* INSTRUCTIONS FOR THE TASK
Print exactly the lines below between the line containing "K9 PRO Automatic" and the line containing "Светодиодные лед лампы", counting both of those lines. Leave pictures out.

* RECORDS SHOWN
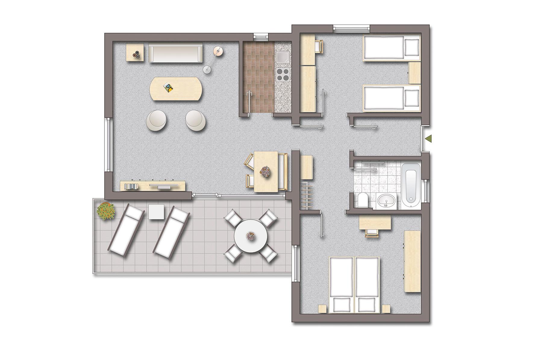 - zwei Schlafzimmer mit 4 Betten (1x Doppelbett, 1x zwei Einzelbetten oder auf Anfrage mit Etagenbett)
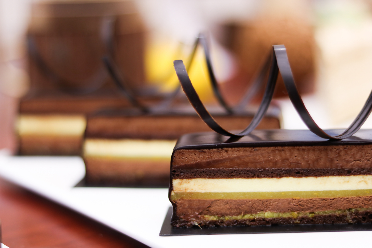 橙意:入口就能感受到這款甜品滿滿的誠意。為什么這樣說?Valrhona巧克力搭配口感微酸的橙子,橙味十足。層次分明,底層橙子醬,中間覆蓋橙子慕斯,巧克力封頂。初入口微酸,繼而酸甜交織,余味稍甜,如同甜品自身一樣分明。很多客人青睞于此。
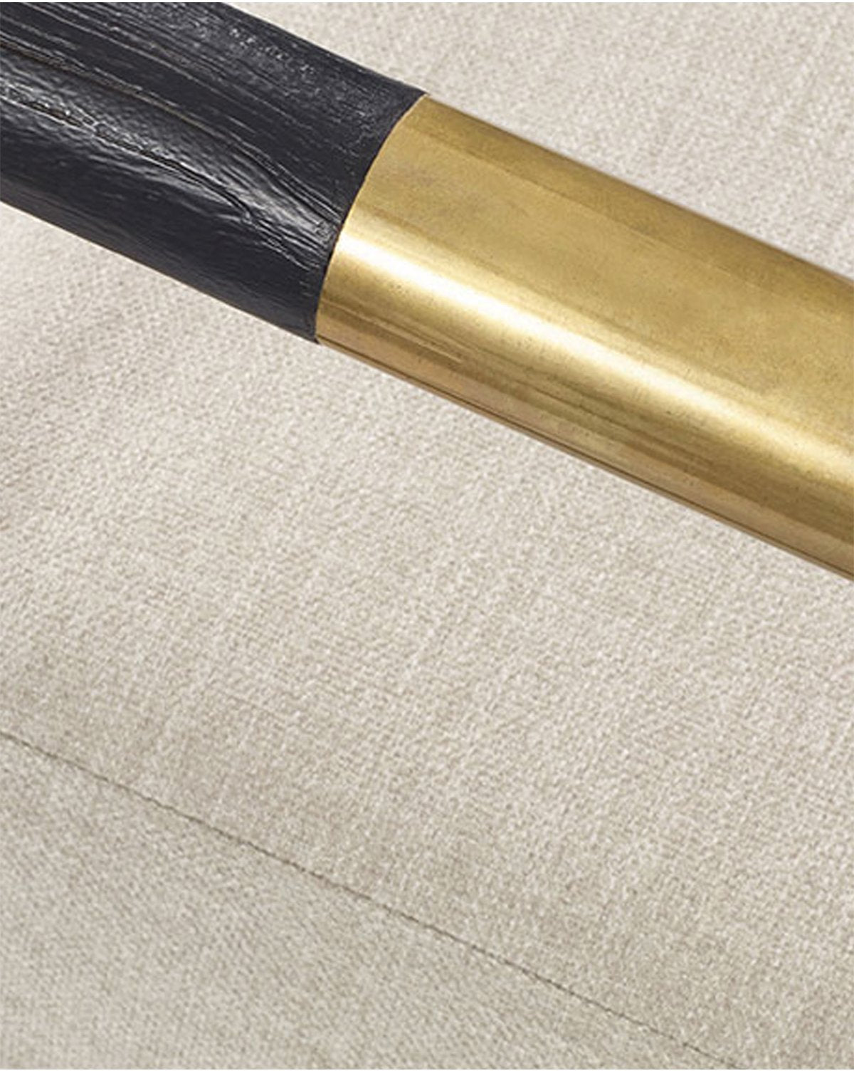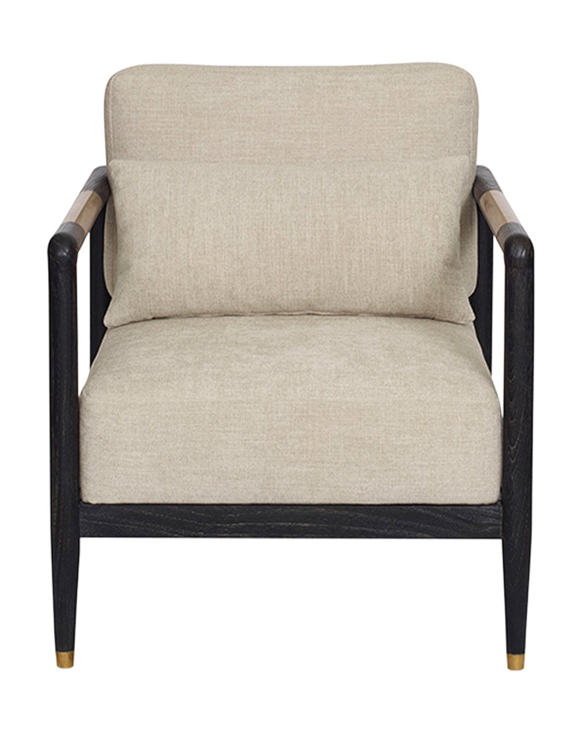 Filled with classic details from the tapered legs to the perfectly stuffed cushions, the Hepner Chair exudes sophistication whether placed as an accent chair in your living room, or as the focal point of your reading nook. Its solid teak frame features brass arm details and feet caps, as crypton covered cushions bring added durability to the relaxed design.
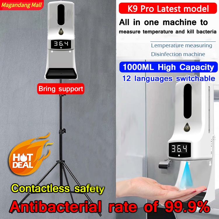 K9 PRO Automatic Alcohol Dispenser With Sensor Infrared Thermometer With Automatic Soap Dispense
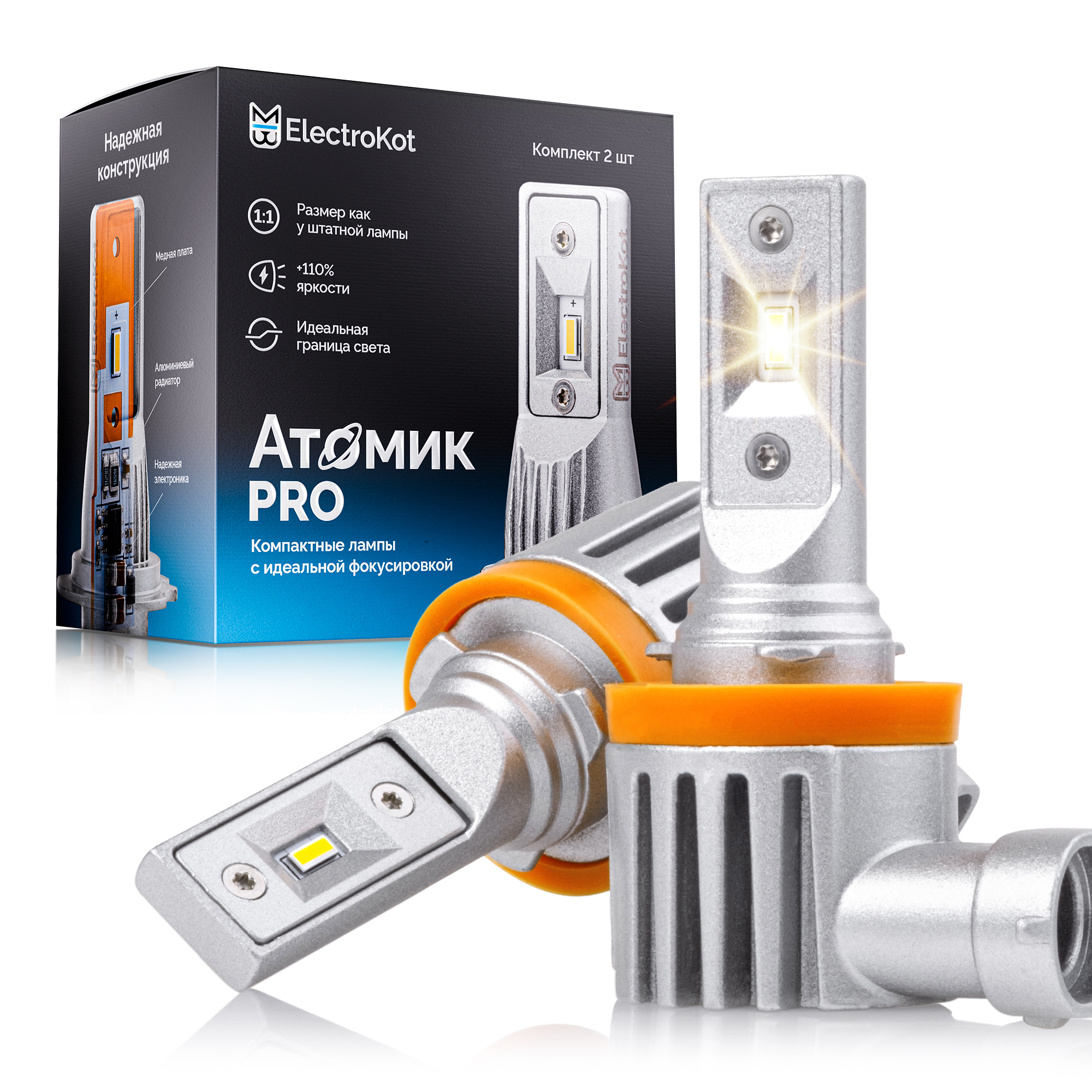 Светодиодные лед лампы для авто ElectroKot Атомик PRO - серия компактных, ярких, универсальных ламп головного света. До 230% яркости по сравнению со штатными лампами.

==

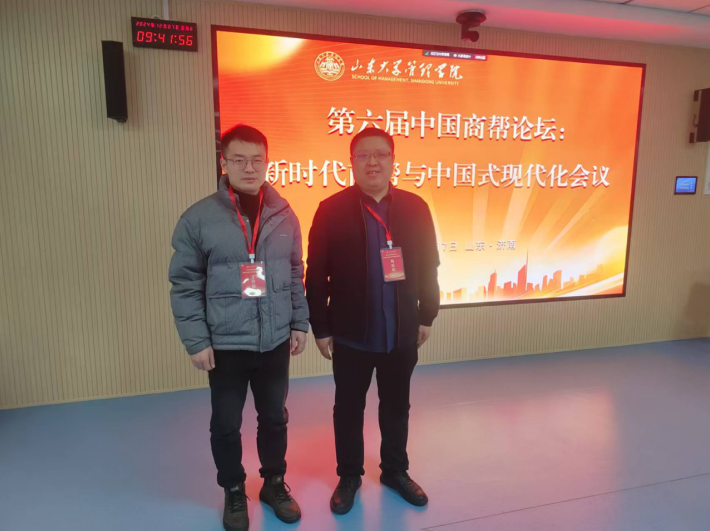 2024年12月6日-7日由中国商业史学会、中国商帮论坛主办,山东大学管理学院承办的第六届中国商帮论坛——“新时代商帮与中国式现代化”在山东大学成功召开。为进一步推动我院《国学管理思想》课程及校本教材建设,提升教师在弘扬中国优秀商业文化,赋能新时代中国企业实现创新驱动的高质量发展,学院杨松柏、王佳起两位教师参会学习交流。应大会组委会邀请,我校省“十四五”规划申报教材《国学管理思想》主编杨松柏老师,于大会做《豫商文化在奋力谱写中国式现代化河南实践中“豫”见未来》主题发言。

* SOLUTION
 K9 PRO Automatic Alcohol Dispenser With Sensor Infrared Thermometer With Automatic Soap Dispense
 Светодиодные лед лампы для авто ElectroKot Атомик PRO - серия компактных, ярких, универсальных ламп головного света. До 230% яркости по сравнению со штатными лампами.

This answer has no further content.